Она видела только его силуэт на сцене и даже забывала здороваться, не говоря уже о том, чтобы спросить хотя бы один, любой, самый затрапезный вопрос за сорок лет. Кроме случая на гастролях, кода она оступилась, а он был рядом и успел подхватить её. «Спасибо, Эдик!» — были её слова, намертво врезавшиеся в память. Она тогда ещё в знак благодарности поцеловала его в щёку. Лучше бы она этого не делала. Ночью после спектакля он сидел у окна в своём номере и плакал. Первый раз ему была себя жалко. После этих гастролей он и начал делать её портреты. Сколько он их сделал? Десятки. Я так и буду Девой — Козой? Вернулся к прежним мыслям Богдан. Или я могу сам себе выбрать знак?
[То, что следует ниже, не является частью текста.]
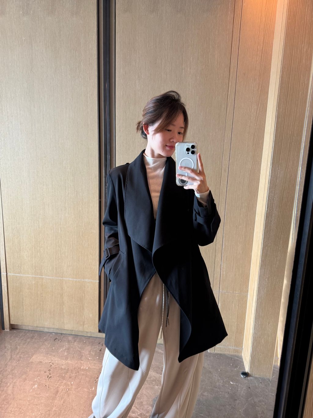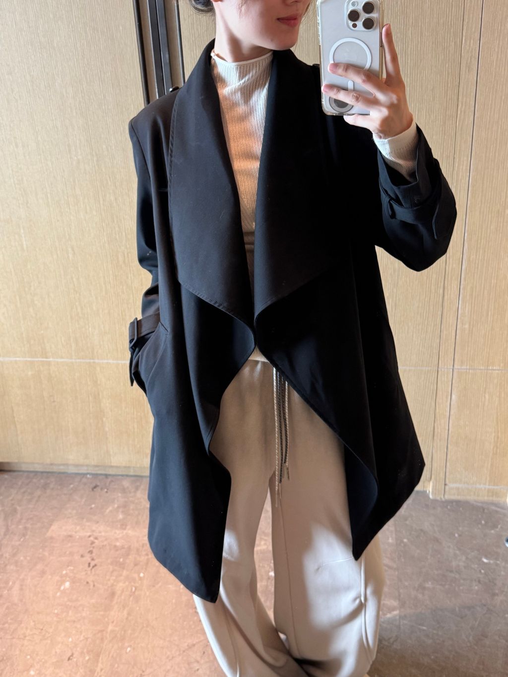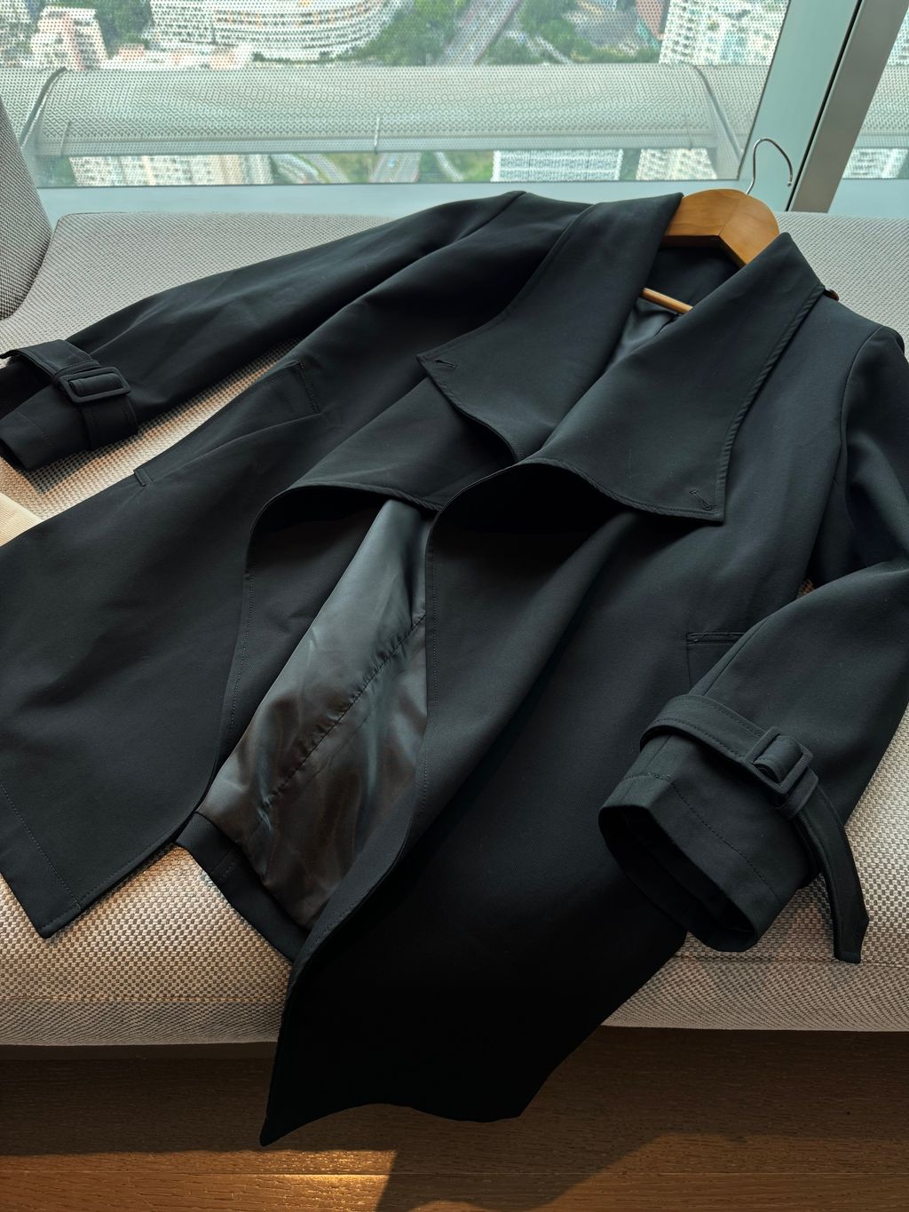 [C] 超美大翻領兩穿風衣西裝外套|黑卡其*S-2XL
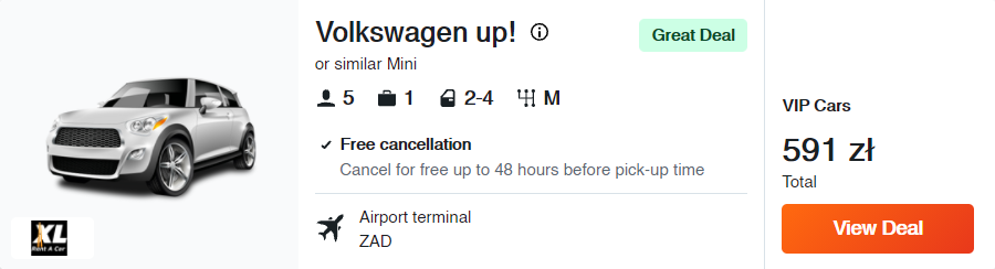 Zwiedzanie Chorwacji ułatwi wam wypożyczony samochód. Jest to najwygodniejszy sposób, aby dotrzeć do najgłębszych zakamarków okolic Zadaru. W przypadku tej podróży polecam wam samochód marki Volkswagen (model up! lub inne auto zbliżonej klasy).
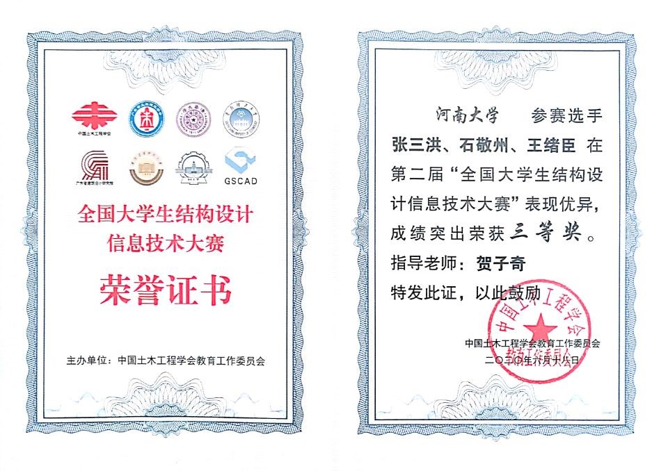 On June 30, the winners of the second "National College Students' structural design information technology competition" sponsored by the Education Committee of the Chinese society of civil engineering were announced. Led by teacher he Ziqi, the "three smelly cobblers" team composed of 2017 undergraduate students Zhang Sanhong, Shi Jingzhou and Wang Xuchen won the third prize in this competition.
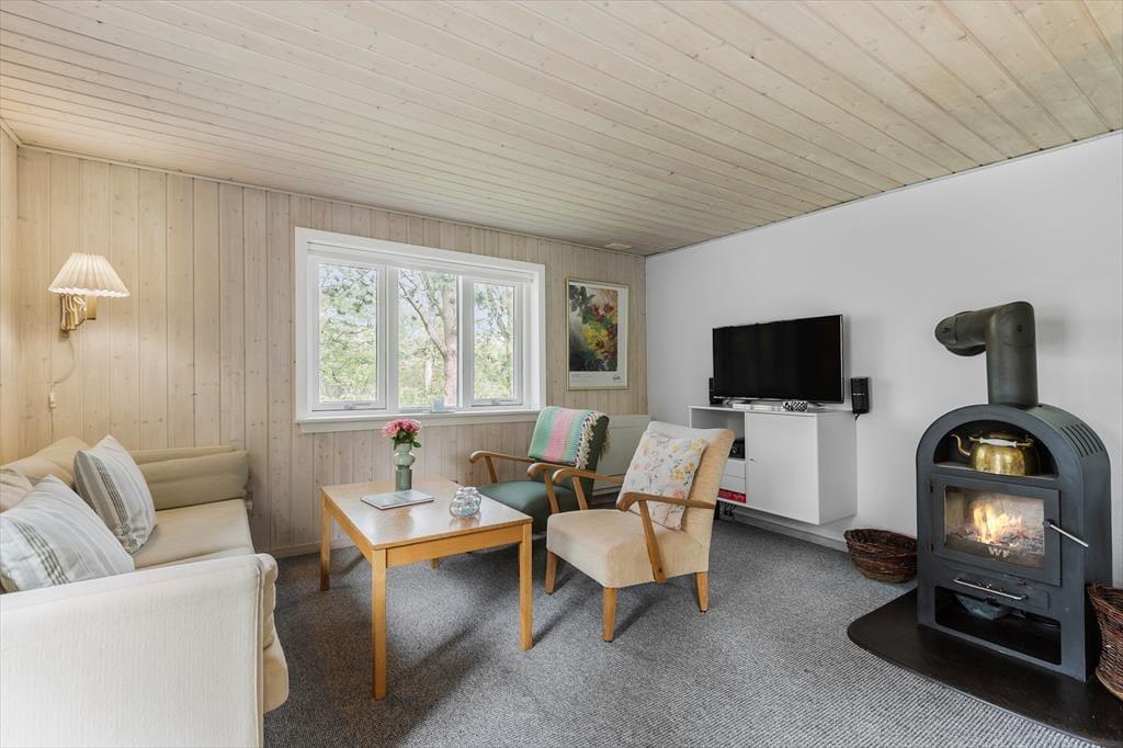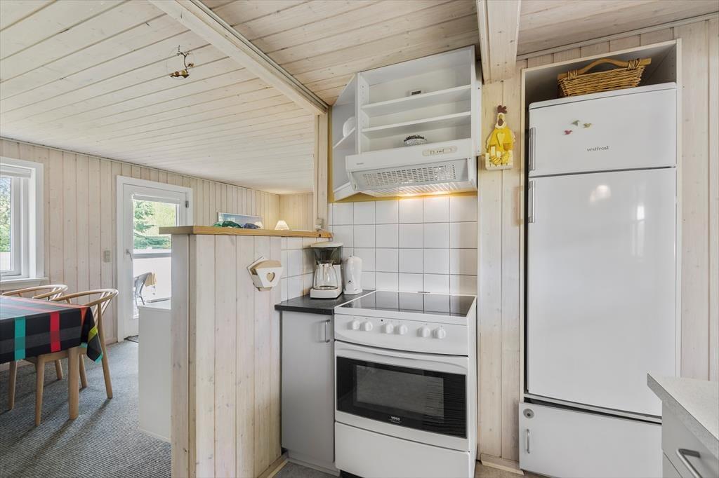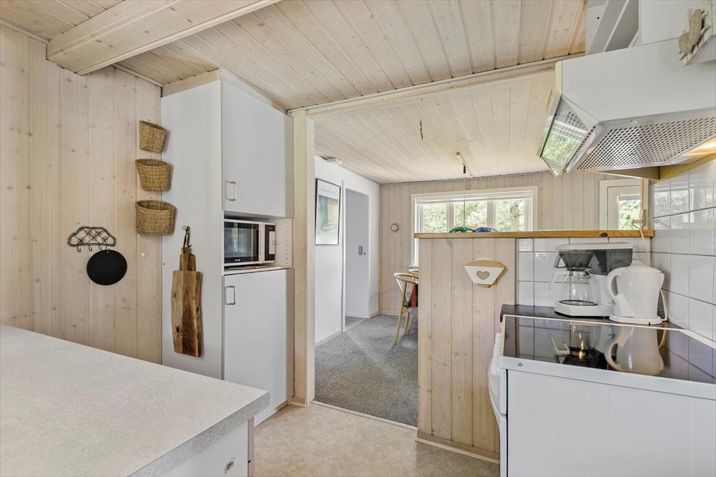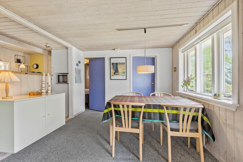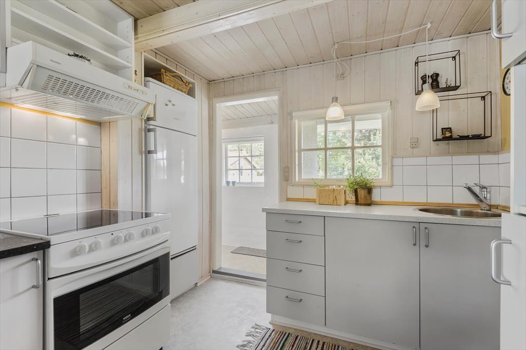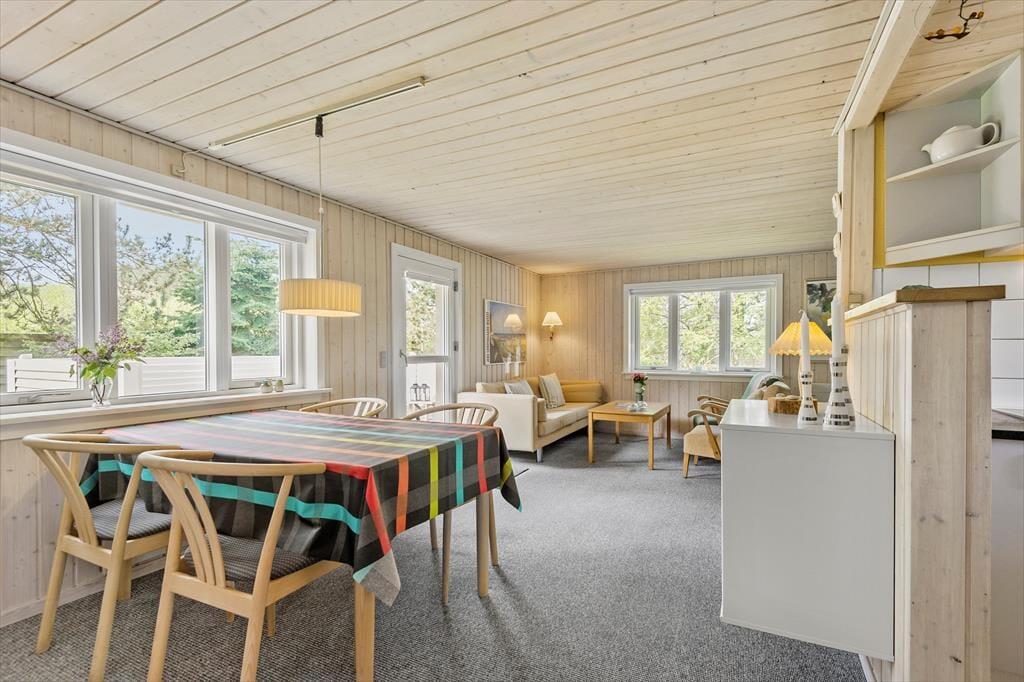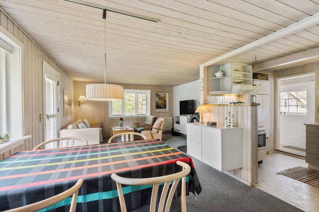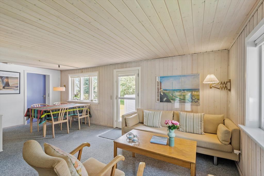 Med sin rare atmosfære og gode planløsning fungerer sommerhuset som en skøn base for et par eller en lille familie – og hvis du vil på ferie med en ven for at opleve Blåvand og de naturskønne omgivelser, kan det også fint lade sig gøre. Huset byder nemlig på to gode soveværelser og et badeværelse med bruseniche, og endelig er der opholdsrummet, hvor stue og køkken ligger i åben forbindelse. Stuens lyse indretning indbyder til at tage dagene i ro og mag, og centralt i rummet står en effektiv brændeovn, der sammen med varmepumpen sørger for ekstra varme og hyggestemning på eventuelle kølige aftener.
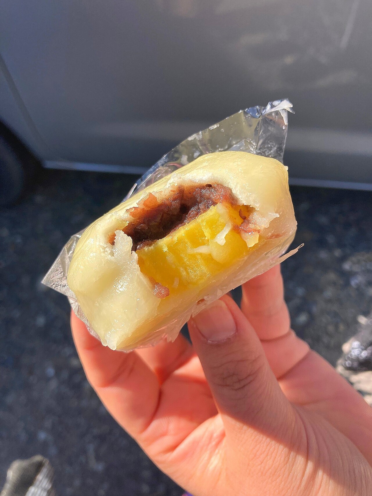 굉장히 큰 고구마와 팥이 떡 안에 들어 있어서 첫 식감은 떡의 쫄깃함으로 시작해 달달함으로 끝나고 고구마와 팥향으로 마무리. 진짜 맛있더라고요~
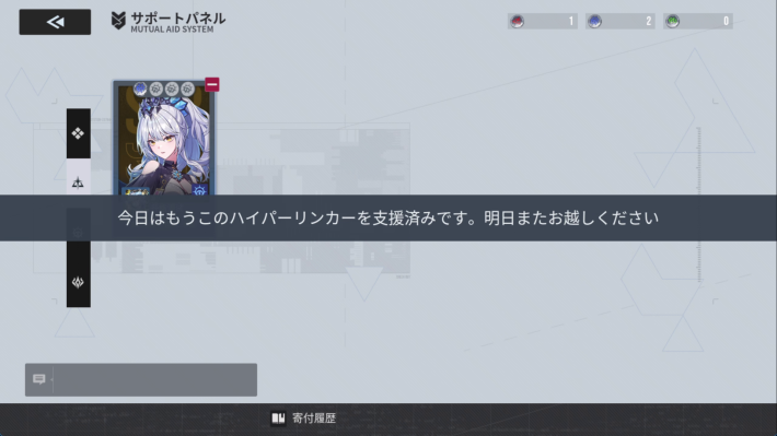 寄付は同じプレイヤーに対して1日1回まで
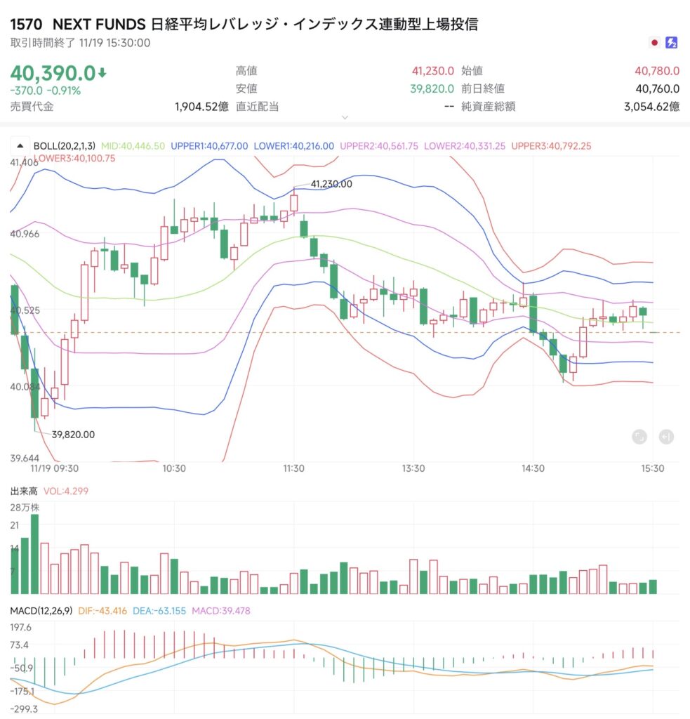 【2025年11月19日】NF日経レバ(1570)の結果と反省|自律反発は限定的、戻り売り優勢の一日
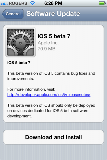 Apple, iOS 5’in yedinci beta sürümünü kablosuz bağlantı üzerinden indirilip kurulabilecek şekilde yayınladı. iPhone, iPad ve iPod touch’a özel bu güncellemeyle birlikte Apple TV beta 7, iTunes 10.5 beta 7, Xcode ve iCloud beta sürümleri de duyuruldu.
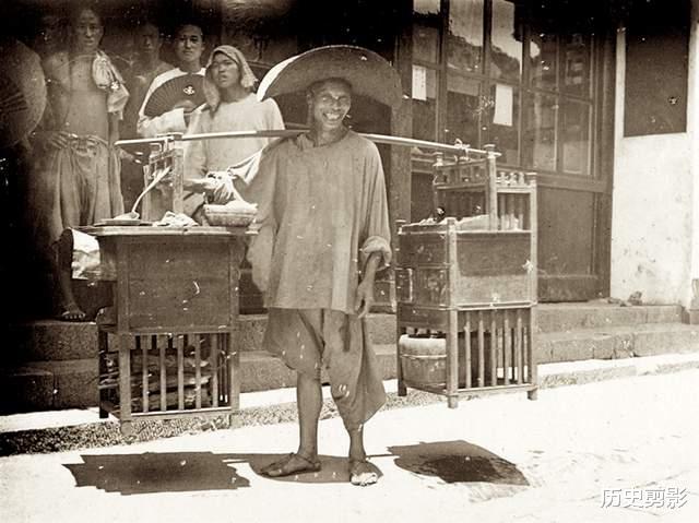 挑着担子的街头小贩,头戴斗笠,担子两侧的木箱里装着营生的物件

Ну, скажем, Лев и Дракон! Или Водолей и Кабан! Предрассудки! Он подплыл к бортику и уже собирался вылезать, как услышал знакомый голос.
— Богдан, пошли! Я покажу тебе Подземный мир. Выходи, пожалуйста! — Жрица Наами сидела в кресле у бассейна, теребя белый локон на груди.
— Ты заходишь без стука, я понял. Я не замёрзну в мокрых плавках? — а что ещё можно было спросить. Подземный мир! Убить, вроде, не должны после всего, что я тут пережил, выучил и понял. Сердце всё равно колотилось от неизвестности. Он накинул халат, которых было достаточно разложено у бассейна, и последовал за Жрицей «вниз». Скорее бы уже!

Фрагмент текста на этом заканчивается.